Passe-Partout
The week before Derrida died, I was working on a position paper surveying several different theories of metaphor. The inquiry seems to arc towards translation problems; it abruptly stops because I ran out of time to work on it. I think it is the matter of intersemiotic translation that makes such inquiries seem inconclusive. My inquiry also halted because I was reading Wilson and Sperber’s Relevance Theory, and hit their claim that metaphor is a poorly defined mode of inquiry. Metaphor, for them, is simply one aspect of the normal inferential process rather than any sort of special case. The major challenge of speaking about metaphor at all is that it cannot be spoken of without recourse to metaphor—using the term as a tautology, in definition of itself.
Speaking of metaphor at all assumes that it exists. Metaphor, in its broadest sense, is a framing device—a juxtaposition which results in the shift in meaning of a reference, either a word-reference (metalanguage) or an object reference (catachresis). While I was writing about it, I couldn’t help but think about Derrida’s The Truth in Painting. The obvious reference is to the distinction between ergon (content) and parergon (frame). Max Black’s terminology defining the pairing of concepts in metaphor—focus and frame—at first suggested an optical metaphor to me. Actually, though, this is more of a spatial metaphor suggesting an inside surrounded by a border (context).
The context (border) shifts across time and space in usage—therefore meaning shifts and is indeterminate. We can only speak of contingent meanings in metaphor, or, as Derrida would have it, in general. To attach a “protocol” to two terms—such as subject and predicate, signifier and signified, focus and frame— we dictate in advance the range of possibilities for the explication. Understanding the relationship between things means hypothesizing that a relationship exists; broadening the relationship lessens its explanatory properties when applied to contingent situations. Metaphor, in Wilson and Sperber’s opinion, does not define a specific relationship: “Metaphor plays on the relationship between the propositional form of an utterance and the speaker’s thoughts” (243). All language does that—if we define language as the translation of thought into signs.
If all signs are polysemous and context-dependent, then how is metaphor different? The answer, from Aristotle forward, is to brand metaphor as a form of transgression. Classically, it is a word-level nominal transgression—the application of an improper name. In the twentieth-century, it seems to have expanded into a propositional idea—metaphor is the application of an absurd comparison. These transgressions require some concept of a normative meaning that the metaphor is measured against, otherwise there can be no transgression. These definitions require the application of a rigid and specific frame.
The opening section of The Truth in Painting, labeled “Passe-Partout” uses the polysemous nature of language to render the concept almost funny. The phrase literally means “passkey” but it also signifies the type of overlay one uses to frame a picture—a mat. As Derrida mentions in passing, mats are often beveled.
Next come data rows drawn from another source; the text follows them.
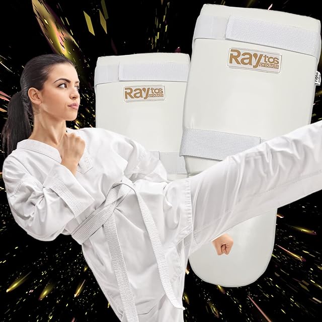 Raytos ベーシックレッグガード レガース キックボクシング 足サポーター キックボクシング レッグガード すね当て 3cm厚手インナー 衝撃吸収 格闘技 空手 防具 プロテクター (ホワイト)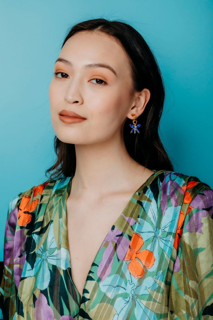 These Karina Earrings by Elizabeth Cole feature butterflies in bright blue fluttering from golden hoops, adding a touch of elegance and hope to your everyday look. Perfect for making a statement while keeping a playful vibe.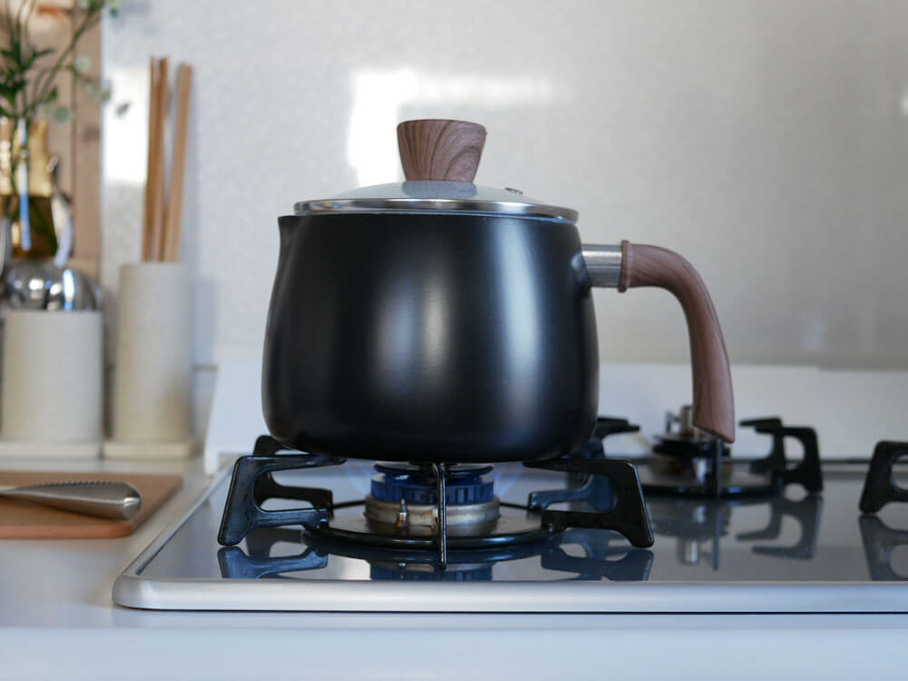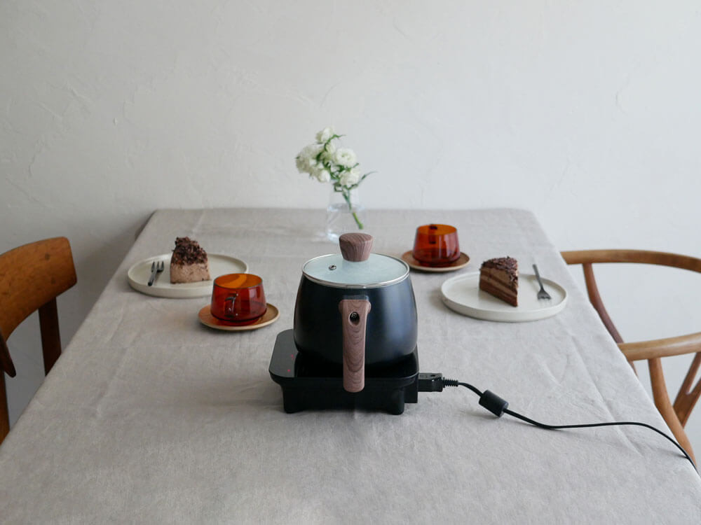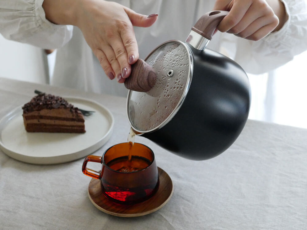 容量1.9L(実用量1.3L)入る小鍋なら、ティータイムにも最適。 来客時にお話を遮ってキッチンに立つ動作もなく、その場で適温をサーブできますね。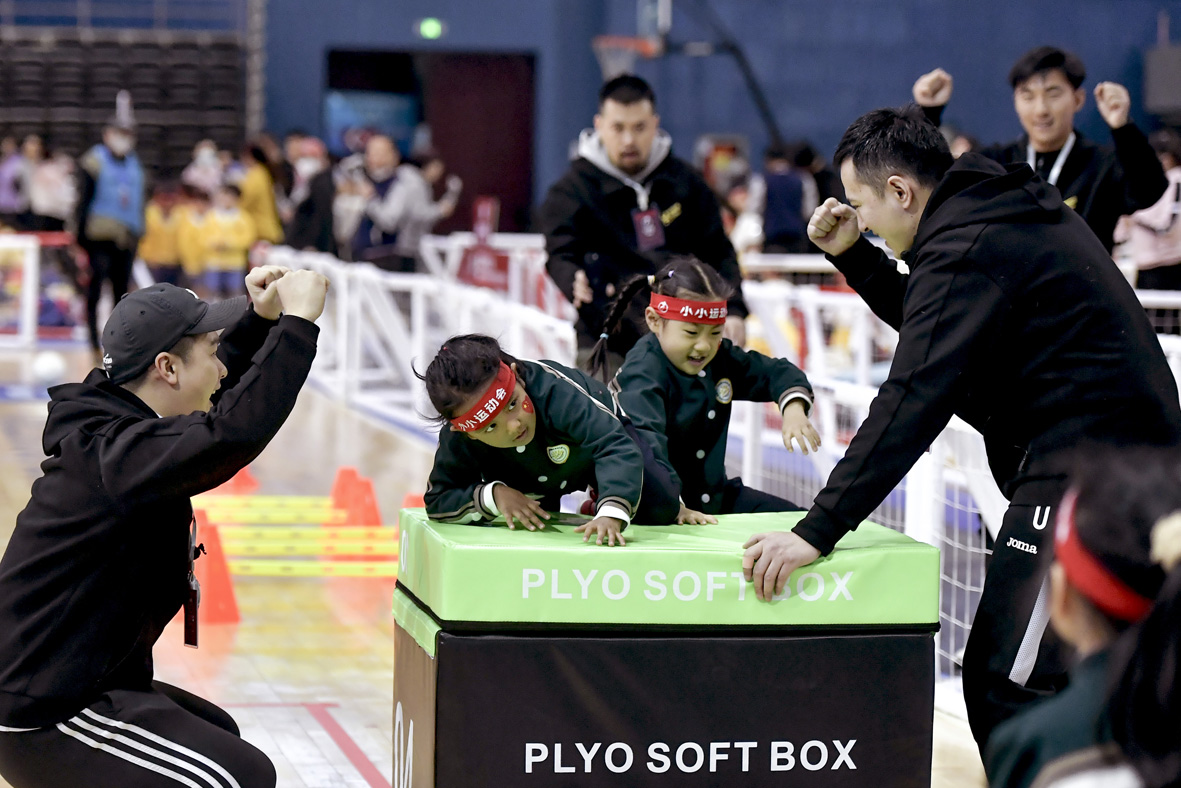 图为小朋友参与力量三人行比赛。(图片来源:中新社)

Instead of a rigid frame of taxonomy (inside vs. outside), the transition between frame and focus (or concept) is filled with an odd sort of slippage which threatens to make either the object of study, or the frame, disappear.
This brought me, in my twisted mind, back to William Blake’s indictment of the “muses of memory”—Blake called for artists to work through the “daughters of inspiration” (which might be literally translated as the inhaling of the Holy Spirit, in his context) rather than being slaves to memory. It also made me remember August by Tom Verlaine, a song sadly unreleased to the modern marketplace:
But the final vision has
Grown at least a hundred-fold,
I see your disillusion gone
A quiet room, not long ago,
Beneath the silent room deliver me,
No metaphor, no memory,
Above the hours always shining through.